- SOURCE DATA:
━━━━━━
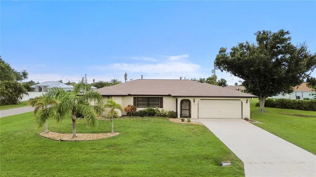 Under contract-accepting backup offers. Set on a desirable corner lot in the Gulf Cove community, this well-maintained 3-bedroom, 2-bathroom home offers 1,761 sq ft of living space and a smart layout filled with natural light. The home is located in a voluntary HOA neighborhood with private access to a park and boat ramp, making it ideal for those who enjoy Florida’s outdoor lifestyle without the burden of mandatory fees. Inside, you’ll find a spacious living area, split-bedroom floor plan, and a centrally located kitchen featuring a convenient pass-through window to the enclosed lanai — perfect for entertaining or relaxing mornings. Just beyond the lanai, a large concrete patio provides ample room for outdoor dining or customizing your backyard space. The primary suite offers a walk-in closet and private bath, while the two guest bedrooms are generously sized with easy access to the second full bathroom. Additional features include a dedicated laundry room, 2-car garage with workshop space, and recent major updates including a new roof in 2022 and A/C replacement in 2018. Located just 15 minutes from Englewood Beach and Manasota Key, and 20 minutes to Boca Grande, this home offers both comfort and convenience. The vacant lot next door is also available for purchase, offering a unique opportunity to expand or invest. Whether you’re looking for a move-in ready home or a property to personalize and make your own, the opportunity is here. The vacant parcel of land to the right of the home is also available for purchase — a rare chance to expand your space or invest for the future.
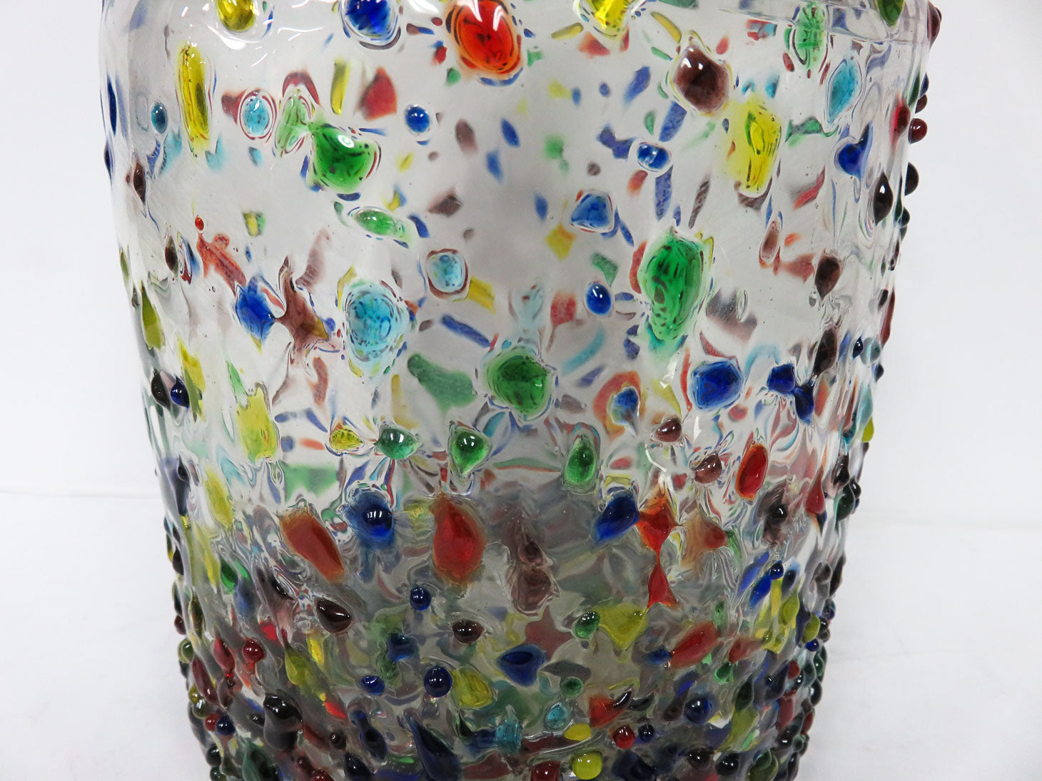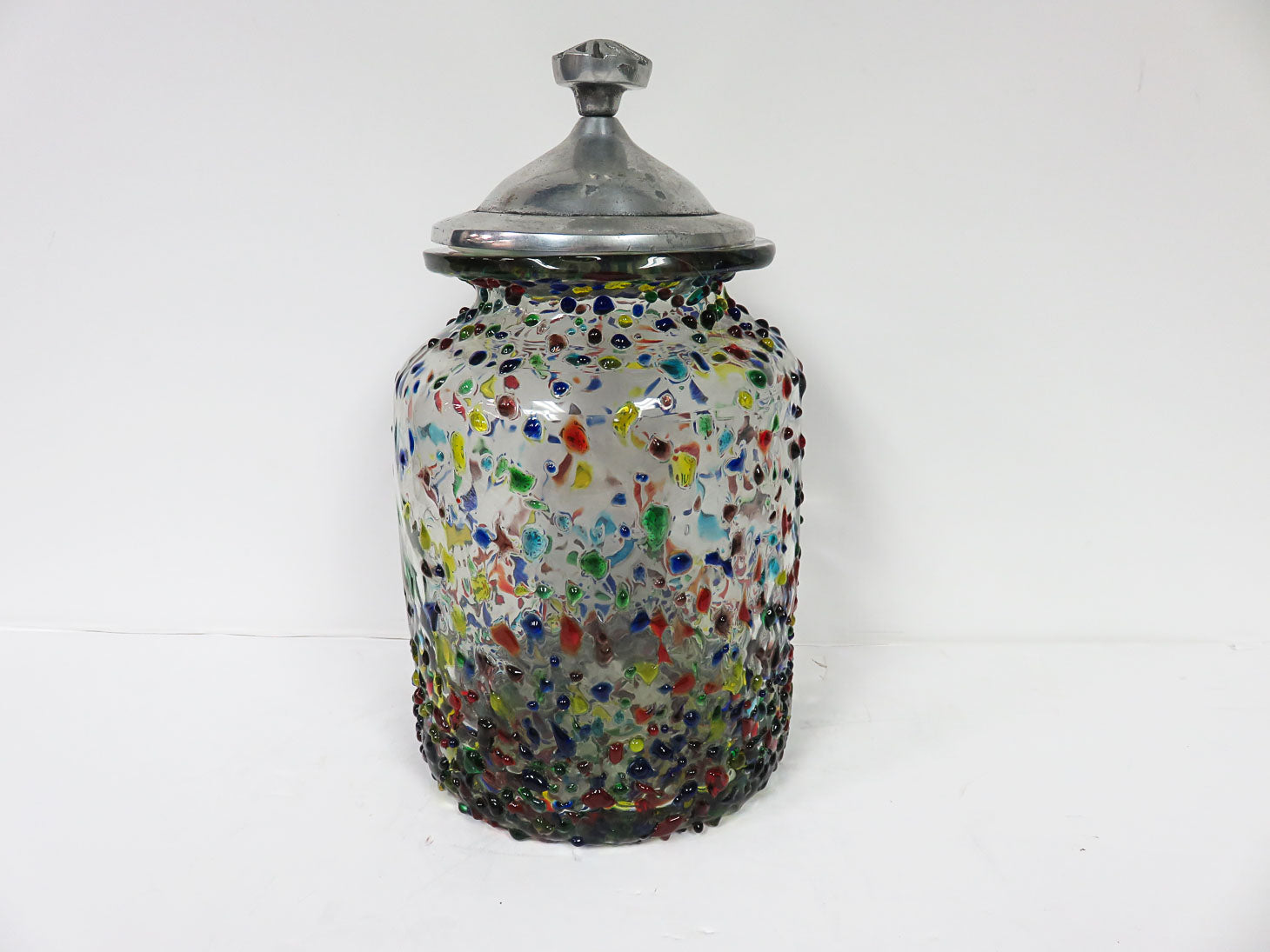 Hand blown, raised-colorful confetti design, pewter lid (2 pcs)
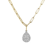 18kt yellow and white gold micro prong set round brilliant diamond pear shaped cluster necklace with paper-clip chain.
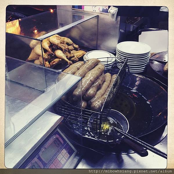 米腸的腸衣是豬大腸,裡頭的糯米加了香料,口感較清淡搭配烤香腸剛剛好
━━━━━━
- WHAT YOU NEED TO DO:
Wherever an image sits in the data, omit it; everything else must be copied exactly.

- EXPECTED ANSWER:
 Under contract-accepting backup offers. Set on a desirable corner lot in the Gulf Cove community, this well-maintained 3-bedroom, 2-bathroom home offers 1,761 sq ft of living space and a smart layout filled with natural light. The home is located in a voluntary HOA neighborhood with private access to a park and boat ramp, making it ideal for those who enjoy Florida’s outdoor lifestyle without the burden of mandatory fees. Inside, you’ll find a spacious living area, split-bedroom floor plan, and a centrally located kitchen featuring a convenient pass-through window to the enclosed lanai — perfect for entertaining or relaxing mornings. Just beyond the lanai, a large concrete patio provides ample room for outdoor dining or customizing your backyard space. The primary suite offers a walk-in closet and private bath, while the two guest bedrooms are generously sized with easy access to the second full bathroom. Additional features include a dedicated laundry room, 2-car garage with workshop space, and recent major updates including a new roof in 2022 and A/C replacement in 2018. Located just 15 minutes from Englewood Beach and Manasota Key, and 20 minutes to Boca Grande, this home offers both comfort and convenience. The vacant lot next door is also available for purchase, offering a unique opportunity to expand or invest. Whether you’re looking for a move-in ready home or a property to personalize and make your own, the opportunity is here. The vacant parcel of land to the right of the home is also available for purchase — a rare chance to expand your space or invest for the future.
 Hand blown, raised-colorful confetti design, pewter lid (2 pcs)
 18kt yellow and white gold micro prong set round brilliant diamond pear shaped cluster necklace with paper-clip chain.
 米腸的腸衣是豬大腸,裡頭的糯米加了香料,口感較清淡搭配烤香腸剛剛好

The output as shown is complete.